Janice Marie Murray
July 21,2013, That day I will always remember...had gone down to Wilson to see granny & pa that day..got home a little after dark.. Hayden was standing in the kitchen snacking on something...I was so glad to see him cause he had been away on a mini vacation visiting friends..we stood in the kitchen and talked he seemed to be in a really good mood..he had taken his brother Gavin out to eat earlier that evening...I showed him some old pictures on the I-PAD of him and others...we laughed! I asked if he had to work that night..he said he was leaving around 10-10:30..later, he was on the computer printing something...WHY DIDN'T I GO OVER TO SEE WHAT HE WAS PRINTING? WHY DIDN'T I TALK MORE WITH HIM THAT EVENING/ WHY DIDN'T HE TELL ME HE WAS HURTING THAT BAD? why, why, why?

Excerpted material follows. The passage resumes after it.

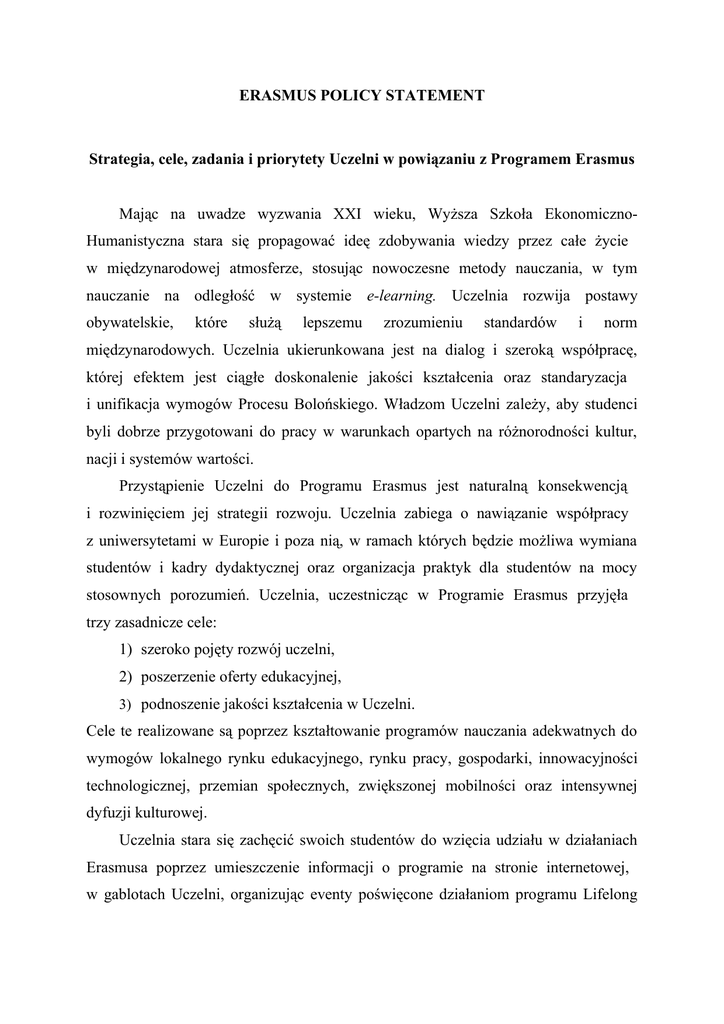 ERASMUS POLICY STATEMENT Strategia, cele, zadania i priorytety Uczelni w powiązaniu z Programem Erasmus Mając na uwadze wyzwania XXI wieku, Wyższa Szkoła EkonomicznoHumanistyczna stara się propagować ideę zdobywania wiedzy przez całe życie w międzynarodowej atmosferze, stosując nowoczesne metody nauczania, w tym nauczanie na odległość w systemie e-learning. Uczelnia rozwija postawy obywatelskie, które służą lepszemu zrozumieniu standardów i norm międzynarodowych. Uczelnia ukierunkowana jest na dialog i szeroką współpracę, której efektem jest ciągłe doskonalenie jakości kształcenia oraz standaryzacja i unifikacja wymogów Procesu Bolońskiego. Władzom Uczelni zależy, aby studenci byli dobrze przygotowani do pracy w warunkach opartych na różnorodności kultur, nacji i systemów wartości. Przystąpienie Uczelni do Programu Erasmus jest naturalną konsekwencją i rozwinięciem jej strategii rozwoju. Uczelnia zabiega o nawiązanie współpracy z uniwersytetami w Europie i poza nią, w ramach których będzie możliwa wymiana studentów i kadry dydaktycznej oraz organizacja praktyk dla studentów na mocy stosownych porozumień. Uczelnia, uczestnicząc w Programie Erasmus przyjęła trzy zasadnicze cele: 1) szeroko pojęty rozwój uczelni, 2) poszerzenie oferty edukacyjnej, 3) podnoszenie jakości kształcenia w Uczelni. Cele te realizowane są poprzez kształtowanie programów nauczania adekwatnych do wymogów lokalnego rynku edukacyjnego, rynku pracy, gospodarki, innowacyjności technologicznej, przemian społecznych, zwiększonej mobilności oraz intensywnej dyfuzji kulturowej. Uczelnia stara się zachęcić swoich studentów do wzięcia udziału w działaniach Erasmusa poprzez umieszczenie informacji o programie na stronie internetowej, w gablotach Uczelni, organizując eventy poświęcone działaniom programu Lifelong Learning Program oraz podczas tzw. dni otwartych organizowanych dla kandydatów na studia. Misją Uczelni jest „obudzić w studentach niepohamowaną ciekawość świata”, która m.in. realizowana jest przez mobilność studentów i pracowników Uczelni, kształtowanie twórczych osobowości oraz umiejętności zdobywania wiedzy. Głównym celem Uczelni jest promowanie szeroko rozumianej współpracy z europejskimi uniwersytetami opartej na zdobywaniu wiedzy, podnoszeniu jakości kształcenia, tworzeniu go bardziej atrakcyjnym dla studentów oraz stworzeniu kadrze naukowej nowych możliwości rozwoju dydaktycznego oraz naukowego. W celu ułatwienia studentom zaliczenia okresu studiów za granicą Uczelnia wprowadziła system transferu i akumulacji punktów ECTS, który konsekwentnie i z powodzeniem stosowany jest w praktyce akademickiej. Ponadto, w Uczelni kładzie się nacisk na rozwijanie zachowań szeroko pojętej tolerancji, dba się o zachowanie wolności, równości i wynikających z tego praw dla jednostki ludzkiej. Studenci uczestnicząc w konferencjach, wykładach i zajęciach akademickich z obcokrajowcami oraz spotykając się z wybitnymi postaciami świata nauki, biznesu i polityki nabywają postaw opartych na wzajemnym szacunku dla odmienności i różnorodności. W wieloletniej praktyce Uczelnia nie spotkała się z przejawami ksenofobii, rasizmu czy nienawiści na tle narodowościowym. Prowadzone przez kadrę dydaktyczną zajęcia w językach obcych w Uczelni macierzystej oraz w uczelniach partnerskich traktowane są jako ważny element w karierze akademickiej pracowników. Corocznie zwiększa się ilość podpisanych umów bilateralnych, rozszerza się wachlarz działań o charakterze międzynarodowym, co powoduje, że Uczelnia integruje się z myślą i ideą Wspólnoty Europejskiej. Równość w polityce Erasmusa Jednym z podstawowych celów polityki Erasmusa jest wyrównywanie szans kobiet i mężczyzn oraz osób niepełnosprawnych poprzez znoszenie barier technicznych w zakresie funkcjonowania Uczelni oraz barier mentalnych w kwestii postrzegania odmienności płci oraz różnorodności kultur i ras. Uczelniany kampus posiada urządzenia, sprzęt i konstrukcję sal dostosowane do swobodnego poruszania się osób niepełnosprawnych. Studenci integrują się w uczelnianym pubie Oscar Wilde, uczestnicząc w eventach kulturalnych i artystycznych. Upublicznienie polityki Erasmusa Pierwszorzędną kwestią dla Uczelni jest upublicznienie Polityki Erasmusa oraz Karty Erasmusa poprzez umieszczenie ich na stronie internetowej Uczelni i w głównych gablotach informacyjnych. Planuje się również promocję działań Erasmusa poprzez organizację Dni Erasmusa, kolportaż ulotek oraz materiałów informacyjnych wśród studentów. Idea mobilności propagowana jest również wśród kandydatów na studia, w czasie tzw. dni otwartych Uczelni. Zapewnienie wysokiej jakości praktyk/staży studenckich Integralną częścią procesu kształcenia w Uczelni są praktyki studenckie. Dla zapewnienia właściwego poziomu praktyk powstał regulamin praktyk studenckich określający szczegółowe zasady ich odbywania. Jednocześnie Uczelnia zadbała o właściwe relacje z biznesowymi partnerami i instytucjami, będącymi potencjalnymi organizatorami praktyk. Studenci wyjeżdżają na praktyki, które są zgodne z kierunkiem studiów oraz ich zainteresowaniami. Preferencje zawodowe dotyczące stażów zagranicznych określane są podczas spotkania ze studentem. Doświadczenie zdobyte za granicą ma na celu zwiększenie szans zawodowych na międzynarodowym rynku pracy. Uczelnia podejmie starania o zorganizowanie wyjazdów studentów na praktykę w ramach programu Erasmus, a także będzie współpracować z partnerskimi uczelniami zagranicznymi w celu umożliwienia im kontaktów z polskimi przedsiębiorstwami, z którymi współpracujemy. Przy organizacji praktyk podczas negocjacji zostanie określony zakres odpowiedzialności uczelni i firmy przyjmującej, kryteria kwalifikacyjne, wynagrodzenie, program praktyki, warunki zakwaterowania, wyznacze
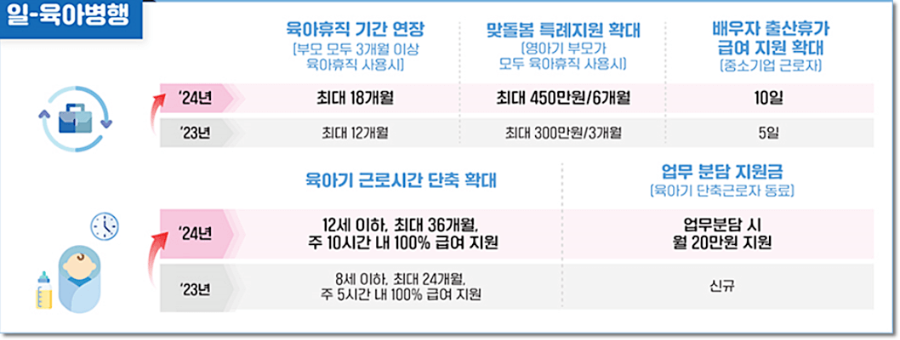 ● 2023년 최대 1년 3+3 부모육아휴직제 → 2024년 1년 6개월 6+6

I relive that evening over and over everyday...I had no idea that would be my last day seeing him, my last day to give him a hug, to tell him how much I love him...Hayden was leaving that night, went out the door and then back in as if he had forgotten something..stood in the kitchen a minute and then left for good...Why didn't I get up from watching tv and go to him then...I just sat there, asked him if he needed something he said no...I told him to have a good night at work, to be careful and that I loved him..Hayden replied, "love you too mom"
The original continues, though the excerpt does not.